(Raw data begins)
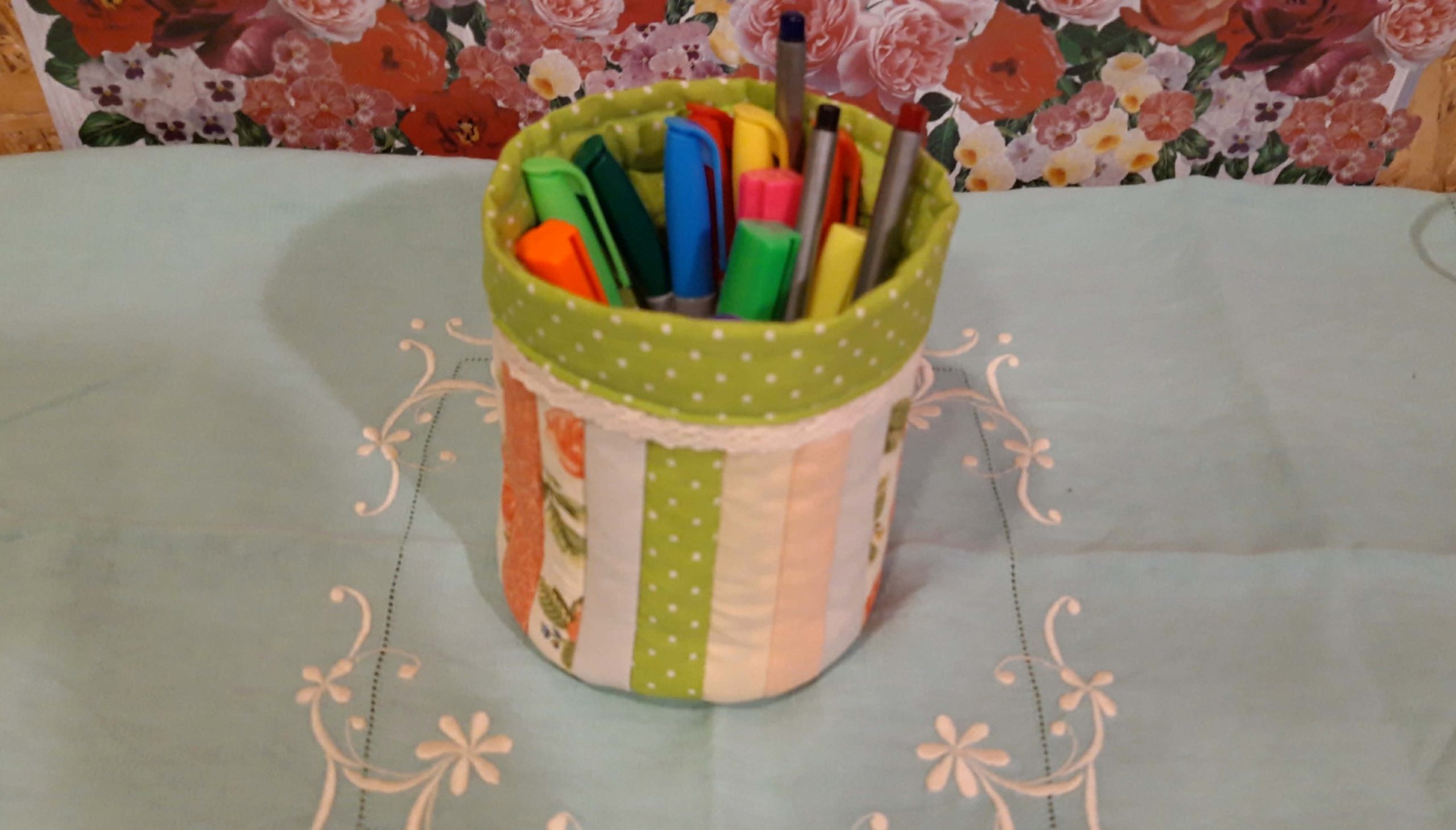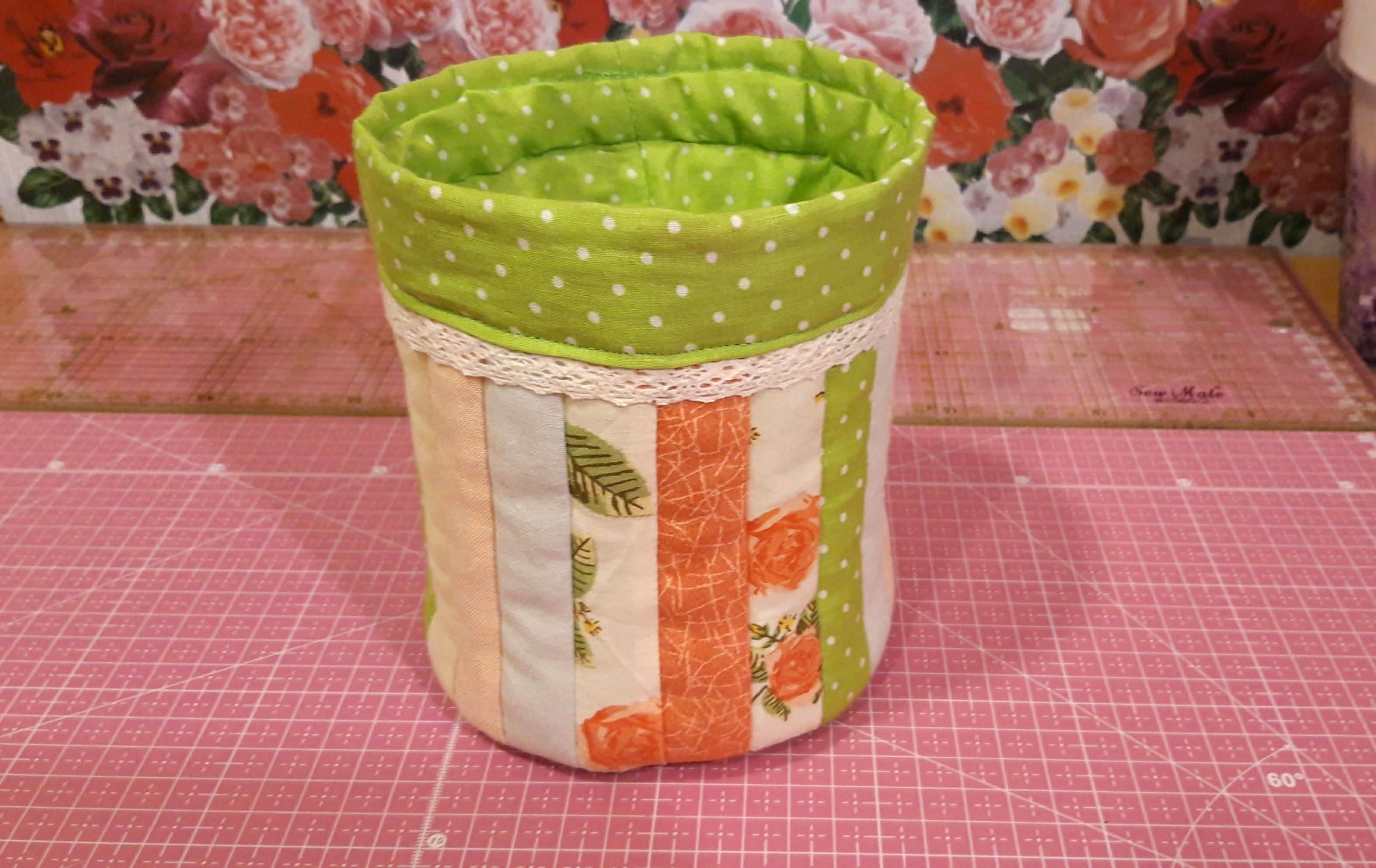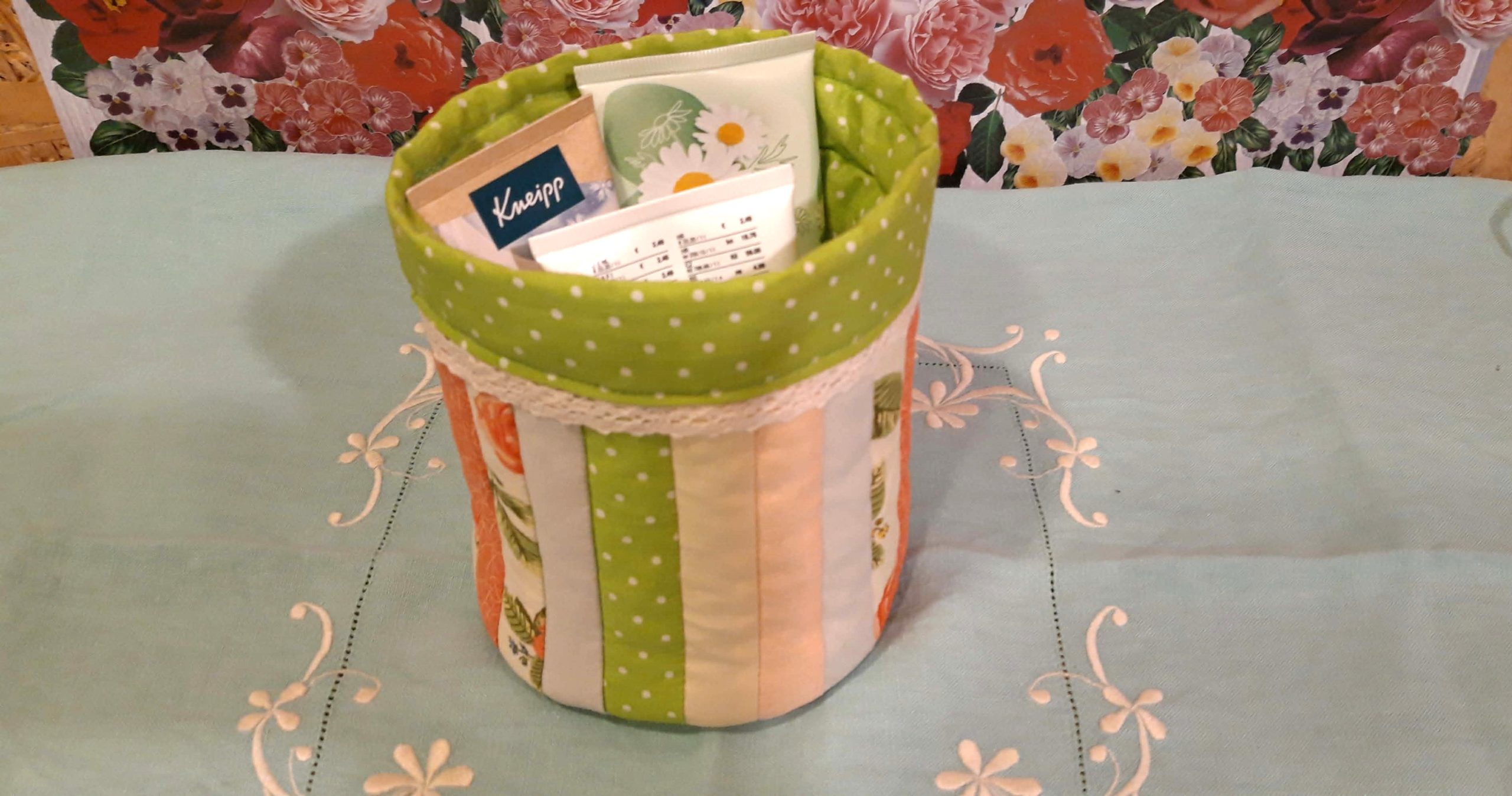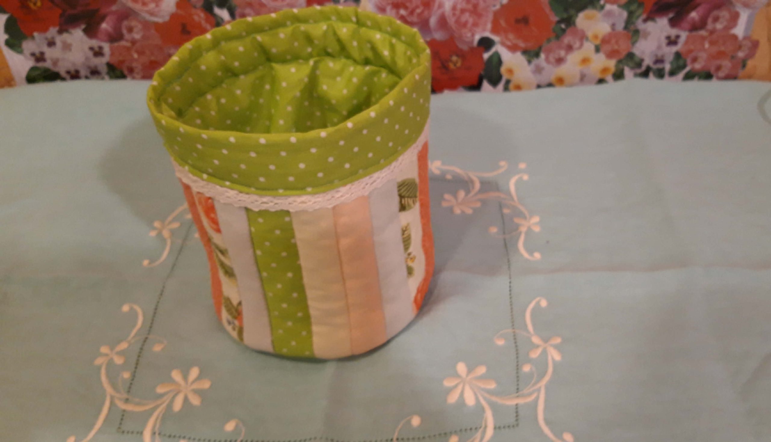 Belebújtattam a vatelinos külső részbe és az alján a külső és belső részt pár helyen összetűztem. Így láttam meddig ér a külső rész a bélésnek. Itt összetűztem őket és körbevarrtam. Majd a bélés fennmaradó magasságát lehajtottam a kosár külsejére, a szélét behajtva (én egy csipkecsíkot is tettem közé) letűztem és levarrtam.
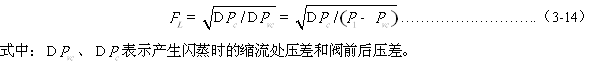 在原公式的推導(dǎo)中,認為調(diào)節(jié)閥節(jié)流處由P1直接下降到P2,見圖3-5中虛線所示。但實際上,壓力變化曲線如圖3-5中實線所示,存在著壓力恢復(fù)的情況。不同結(jié)構(gòu)的電動調(diào)節(jié)閥,壓力恢復(fù)的情況不同。阻力越小的調(diào)節(jié)閥,恢復(fù)越厲害,越偏離原推導(dǎo)公式的壓力曲線,原公式計算的結(jié)果與實際誤差越大。因此,引入一個表示調(diào)節(jié)閥壓力恢復(fù)程度的系數(shù)FL來對原公式進行修正——壓力恢復(fù)系數(shù)FL(Pressure reecvery factor),其表達式為:
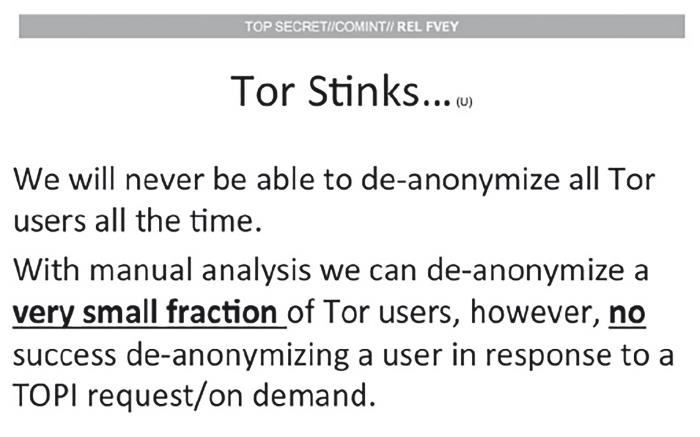 Защищен ли он от АНБ или настолько же влиятельных организаций? В число документов, обнародованных Сноуденом, вошла презентация для АНБ 2007 года, где на одном слайде (рис. 13.5) говорится: «Мы никогда не сможем деанонимизировать всех пользователей Тог за все время его существования»162. Конечно, АНБ не собирается сдаваться, но пока эта система кажется лучшим инструментом защиты частной жизни для обычных людей163. (Тут есть легкая ирония, поскольку изначально Тог разрабатывался государственным учреждением США – научно-исследовательской лабораторией ВМС, – стремившимся обеспечить безопасность линий связи американской разведки.)
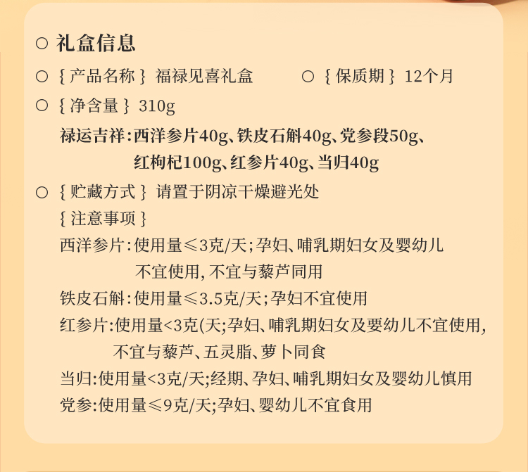 {注意事项}西洋参片:使用量≤3克/天;孕妇、哺乳期妇女及婴幼儿不宜使用,不宜与藜芦同用铁皮石斛:使用量≤3.5克/天;孕妇不宜使用
(Raw data ends)
» Instructions for the task: In the printed copy, the material above must appear unchanged and without its pictures.

» Solution:
 Belebújtattam a vatelinos külső részbe és az alján a külső és belső részt pár helyen összetűztem. Így láttam meddig ér a külső rész a bélésnek. Itt összetűztem őket és körbevarrtam. Majd a bélés fennmaradó magasságát lehajtottam a kosár külsejére, a szélét behajtva (én egy csipkecsíkot is tettem közé) letűztem és levarrtam.
 在原公式的推導(dǎo)中,認為調(diào)節(jié)閥節(jié)流處由P1直接下降到P2,見圖3-5中虛線所示。但實際上,壓力變化曲線如圖3-5中實線所示,存在著壓力恢復(fù)的情況。不同結(jié)構(gòu)的電動調(diào)節(jié)閥,壓力恢復(fù)的情況不同。阻力越小的調(diào)節(jié)閥,恢復(fù)越厲害,越偏離原推導(dǎo)公式的壓力曲線,原公式計算的結(jié)果與實際誤差越大。因此,引入一個表示調(diào)節(jié)閥壓力恢復(fù)程度的系數(shù)FL來對原公式進行修正——壓力恢復(fù)系數(shù)FL(Pressure reecvery factor),其表達式為:
 Защищен ли он от АНБ или настолько же влиятельных организаций? В число документов, обнародованных Сноуденом, вошла презентация для АНБ 2007 года, где на одном слайде (рис. 13.5) говорится: «Мы никогда не сможем деанонимизировать всех пользователей Тог за все время его существования»162. Конечно, АНБ не собирается сдаваться, но пока эта система кажется лучшим инструментом защиты частной жизни для обычных людей163. (Тут есть легкая ирония, поскольку изначально Тог разрабатывался государственным учреждением США – научно-исследовательской лабораторией ВМС, – стремившимся обеспечить безопасность линий связи американской разведки.)
 {注意事项}西洋参片:使用量≤3克/天;孕妇、哺乳期妇女及婴幼儿不宜使用,不宜与藜芦同用铁皮石斛:使用量≤3.5克/天;孕妇不宜使用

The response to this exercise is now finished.